NVIDIA / nccl

Optimized primitives for collective multi-GPU communication
Other
3.14k stars 791 forks source link

Pack bootstrapAllGather's [2] #1156

Open kwen2501 opened 8 months ago

kwen2501 commented 8 months ago

https://github.com/NVIDIA/nccl/blob/b6d7438d3145a619f924dbbca6c96db21fab716e/src/init.cc#L617 is called in a for loop: https://github.com/NVIDIA/nccl/blob/b6d7438d3145a619f924dbbca6c96db21fab716e/src/init.cc#L599

To reduce the number of bootstrapAllGather calls at scale, would it be better to break out of the for loop at bootstrapAllGather, pack data of all loops into one bootstrapAllGather, and re-enter the for loop after?

sjeaugey commented 8 months ago

It would be interesting to benchmark bootstrapAllGather at scale and see what is the order of magnitude we should expect depending on the number of ranks. That way we'd have a good understanding of potential issues at scale (or not). Do you anticipate (or even experience) that at scale, the bootstrap allgather time is growing so much that it becomes a significant portion of the init time?

kwen2501 commented 8 months ago

Thanks @sjeaugey. We are experiencing 2.5-minute init time at large scale (e.g. above certain K GPUs). Would like to see if there is way to drive this down so that the infrastructure's "idle" time becomes as small as possible. This "idling" may occur at initial training launch or restart of training (e.g. to recover from GPU failure, rate of which is non-negligible at large scale).

The 2.5-min init time is from the default init path. So indeed neither #1155 nor #1156 would help. Just checking those in in case a user would trigger ncclCommSplit (#1155) or SHARP (#1156).

But it would be much appreciated if the init time of the default path can be minimized (more important). One thought is: can user provide a guarantee to NCCL (via an env var, e.g.) that all GPUs' detections would be homogeneous? So that the following code can be based on local detection result: https://github.com/NVIDIA/nccl/blob/b6d7438d3145a619f924dbbca6c96db21fab716e/src/init.cc#L1027-L1034

Of course, the bootstrapAllgather of allGather3Data not only includes graphInfo but also topoRanks (so we cannot delete this allgather at once). It may seem like topoRanks can be all-gathered by head of nodes only? But it will require inter-node bootstrap comm though. Not sure if it is worth it since creation of the inter-node comm also takes time.

Just wild thoughts.
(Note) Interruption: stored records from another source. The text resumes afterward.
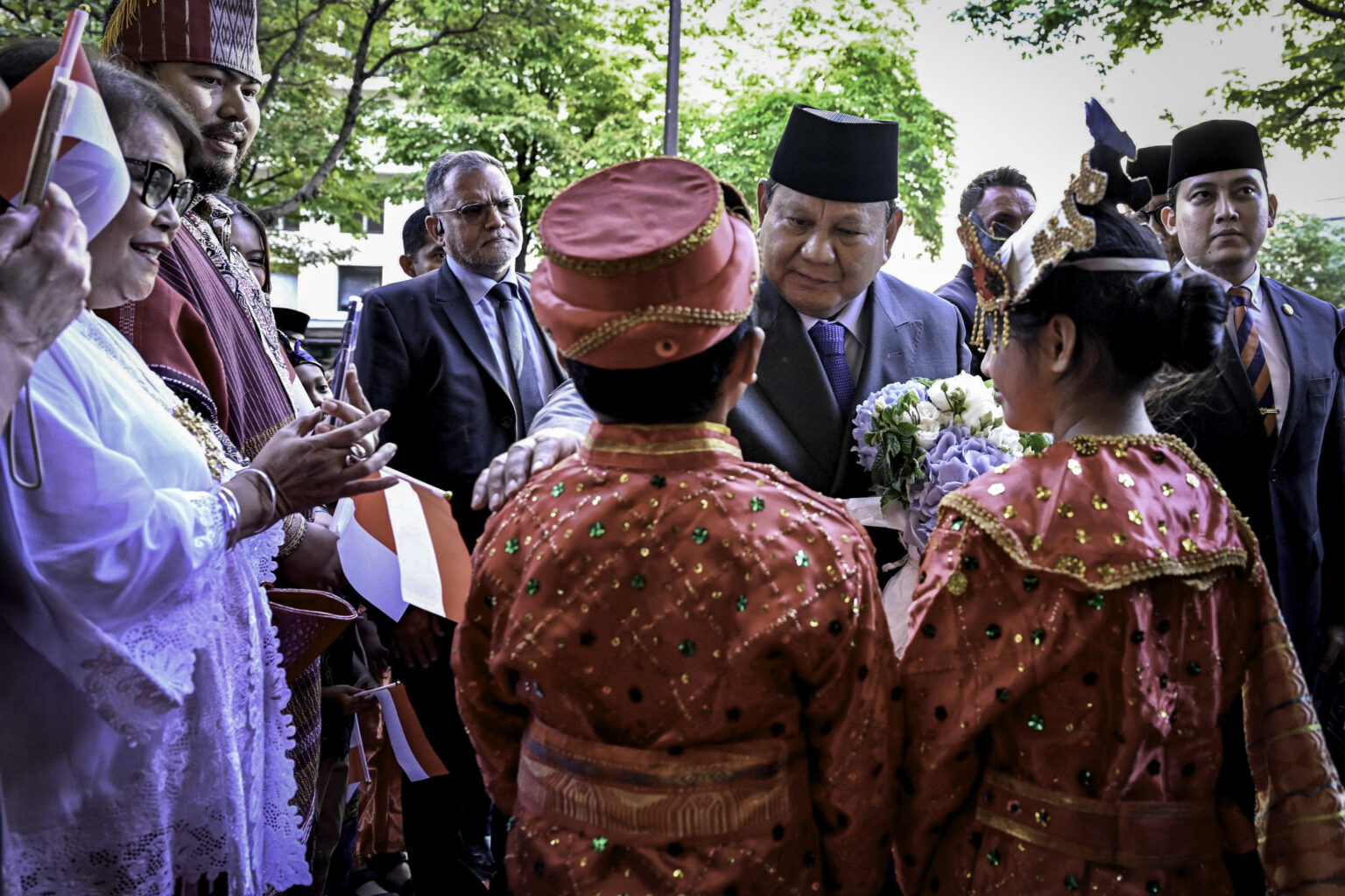 Presiden Prabowo tampak tersenyum ramah, melambaikan tangan, dan menyapa masyarakat sambil mengibarkan bendera kecil Merah Putih. Sambutan tersebut mencerminkan semangat nasionalisme yang tetap hidup di kalangan warga Indonesia di luar negeri.
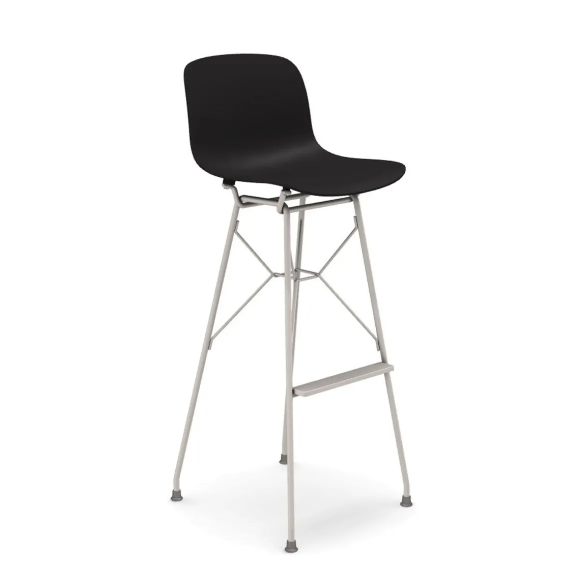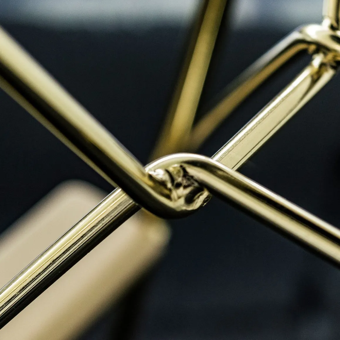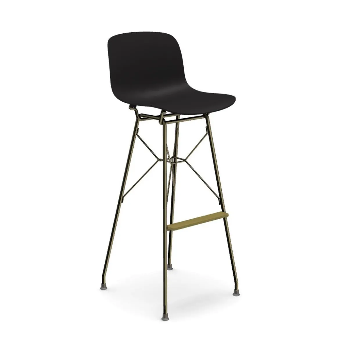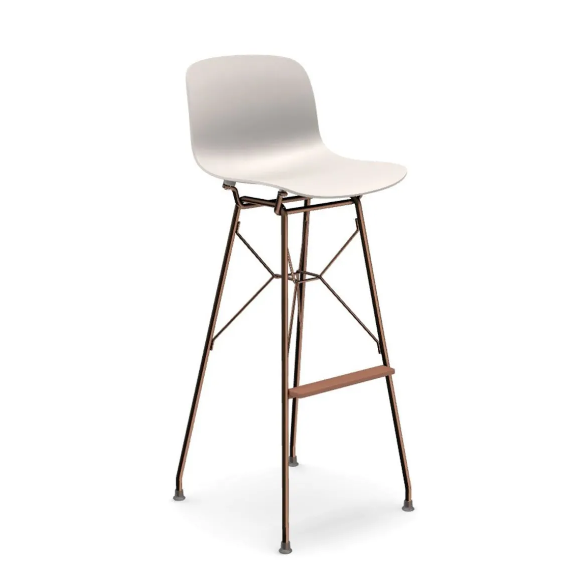 Matériaux : structure en tube d’acier, plaqué ou cuivre ou verni en polyester, assise en polypropylène
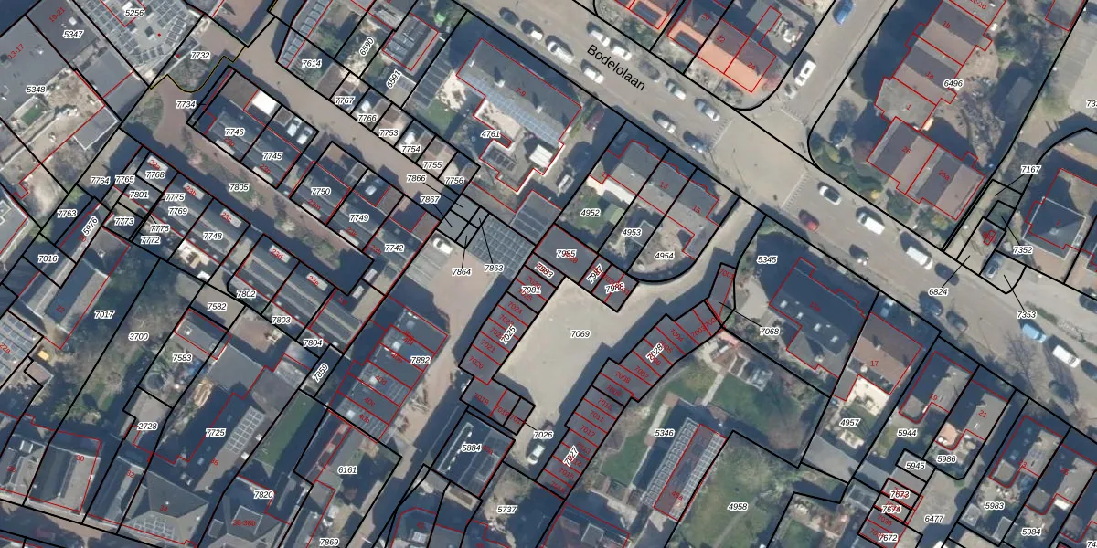 Bodelolaan 7027 is gelegen op kadastraal perceel BDG00B7983. Deze kadastrale aanduiding is uniek en wordt gebruikt door het Kadaster om eigendomsrechten en andere zakelijke rechten vast te leggen. Het perceel maakt onderdeel uit van de kadastrale gemeente Bodegraven.

The team may have better ideas :) Thanks!

sjeaugey commented 8 months ago

Ok, thanks for the feedback. 2.5 minutes seems indeed large to me, and it would be good to have some sort of timing statistics throughout ncclCommInit to find out what is taking time and how much it grows as we scale.

Concretely, the main reasons for time spend in ncclCommInit I can think of are:

So I'd really be curious to confirm what phase is growing in time as we scale. There is probably something I'm missing.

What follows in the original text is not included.